After installation, metrics will be pushed to the GlobalNOC database. The page linked above contains data from various Internet2 infrastructure. Use the search/filter boxes to find your hosts, and verify that metrics are being pushed.
Troubleshooting
In the event that something is not working properly, logs from the container running Telegraf can be printed with the following command:
slate instance logs <instance_id>
An instance_id
is a unique, randomly-generated string prefaced with “instance” that SLATE assigns to each running experiment. This ID is printed on app installation. Additionally, a list of running applications and their IDs can be printed with the command:
slate instance list
For additional help, or to report a bug, please contact the SLATE team.
Configuration Notes
The following table lists the configurable parameters of the Telegraf monitoring application and their default values.
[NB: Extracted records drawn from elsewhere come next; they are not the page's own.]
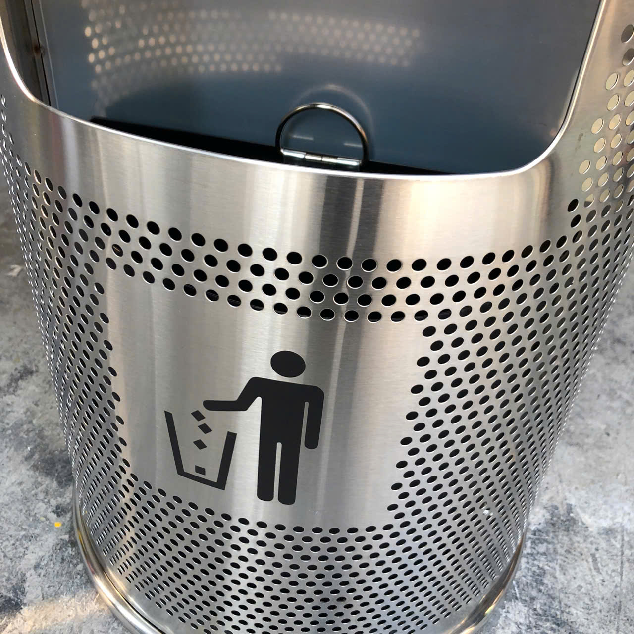 Thùng Rác Inox Bán Nguyệt Có Gạt Tàn Thuốc Lá
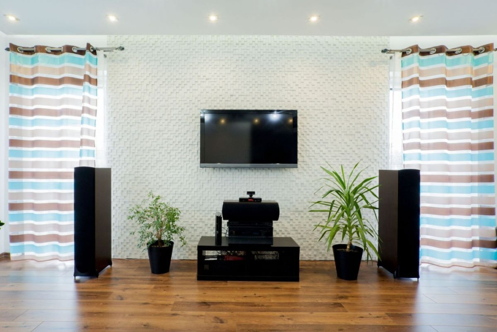- Subwoofer: es el encargado de emitir los sonidos de baja frecuencia y los graves que de otra manera no se podrían reproducir. Se recomienda colocarlo cerca del televisor, pero no siempre es posible por el diseño del mueble. Es importante no ponerlo en la columna o cerca de las paredes para evitar que parte de la calidad del sonido se pierda. Algunas personas optan por ponerlo en una pared lateral, en la parte trasera del espectador y la experiencia también es positiva.
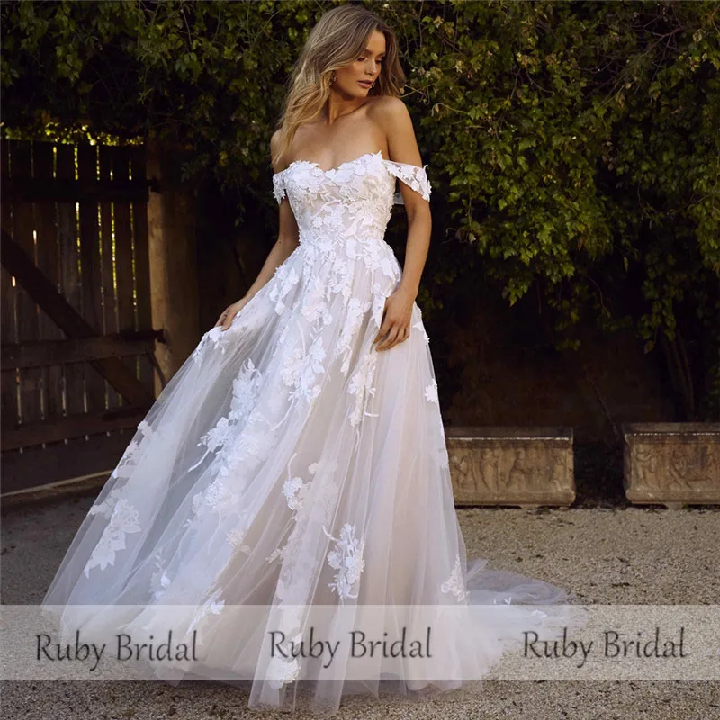 Винтажное свадебное платье-трапеция, длинное свадебное платье цвета шампанского, белое кружевное свадебное платье с открытыми плечами, 2021
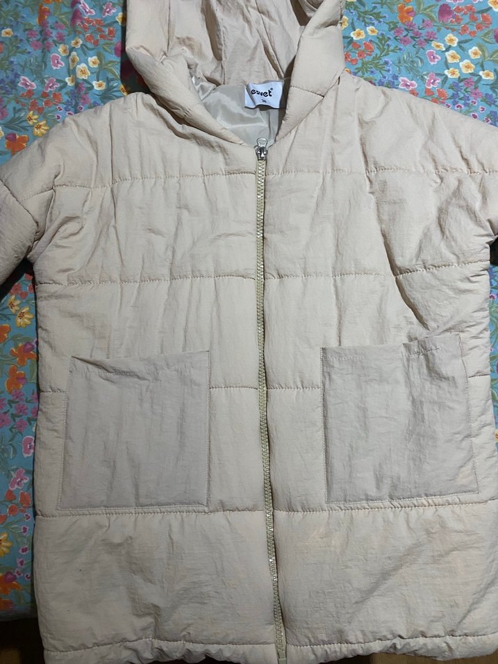 Yumuşak kumaştan yapılmış, kapüşonlu, uzun kollu, fermuarlı ve iki ön cepli bej rengi rahat kesim ceket. Günlük kullanıma uygun sokak stiliyle uyumlu.
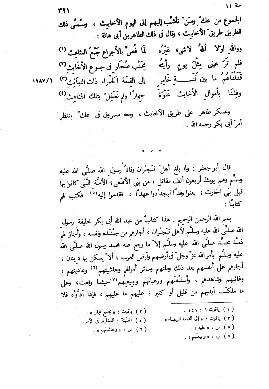 بِسْمِ اللَّه الرَّحْمَنِ الرَّحِيمِ هَذَا كِتَابٌ مِنْ عبد اللَّه أبي بكر خليفه رسول الله ص لأهل نجران، أجارهم من جنده ونفسه، وأجاز لهم ذمه محمد ص إلا ما رجع عنه مُحَمَّد رسول اللَّه ص بأمر اللَّه عز وجل في أرضهم وأرض العرب، ألا يسكن بها دينان، أجارهم على أنفسهم بعد ذلك وملتهم وسائر أموالهم وحاشيتهم وعاديتهم، وغائبهم وشاهدهم، وأسقفهم ورهبانهم وبيعهم حيثما وقعت، وعلى ما ملكت أيديهم من قليل أو كثير، عليهم ما عليهم، فإذا أدوه فلا
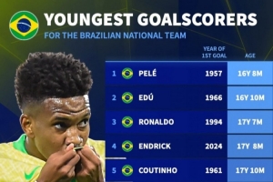 巴西最年轻进球榜:贝利16岁8个月居首 大罗&内马尔&埃斯特旺在列
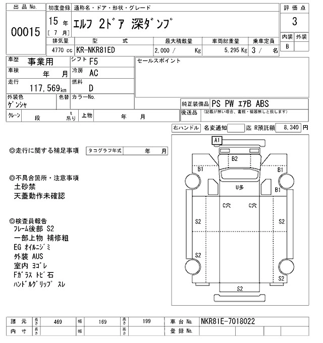Год выпуска2003 Пробег 118 000 км КузовNKR81ED Комплектация DUMP

Parameter | Description | Default |
---|---|---|
Instance | Optional string to differentiate SLATE experiment instances | ”” |
writeToStdout | Optionally write to stdout in container | true |
collectionInterval | Data collection interval | 5s |
collectionJitter | Data jitter interval | 10s |
flushInterval | Output flush interval | 15s |
flushJitter | Output jitter interval | 10s |
grnocOutput.hostname | Database endpoint | tsds.hostname.net |
grnocOutput.username | Database username | tsds username |
grnocOutput.passwordSecretName | GlobalNOC database password secret name | tsds-password-secret |
targets.hostGroup.community | Community string of hostGroup | public |
targets.hostGroup.timeout | SNMP timeout length of hostGroup | 15s |
targets.hostGroup.retries | Number of retries to attempt for hostGroup | 2 |
targets.hostGroup.hosts | Hosts to monitor | 127.0.0.1:161 |
targets.hostGroup.counter64bit | Type of SNMP counter on host machine | false |
influxOutput.enabled | Whether to write to InfluxDB | true |
influxOutput.endpoint | Database endpoint | http://127.0.0.1:9999 |
influxOutput.database | Database name | telegraf |
influxOutput.httpBasicAuth.enabled | Whether http basic authentication is enabled | false |
influxOutput.httpBasicAuth.username | Database username | telegraf |
influxOutput.httpBasicAuth.password | Database password | metrics |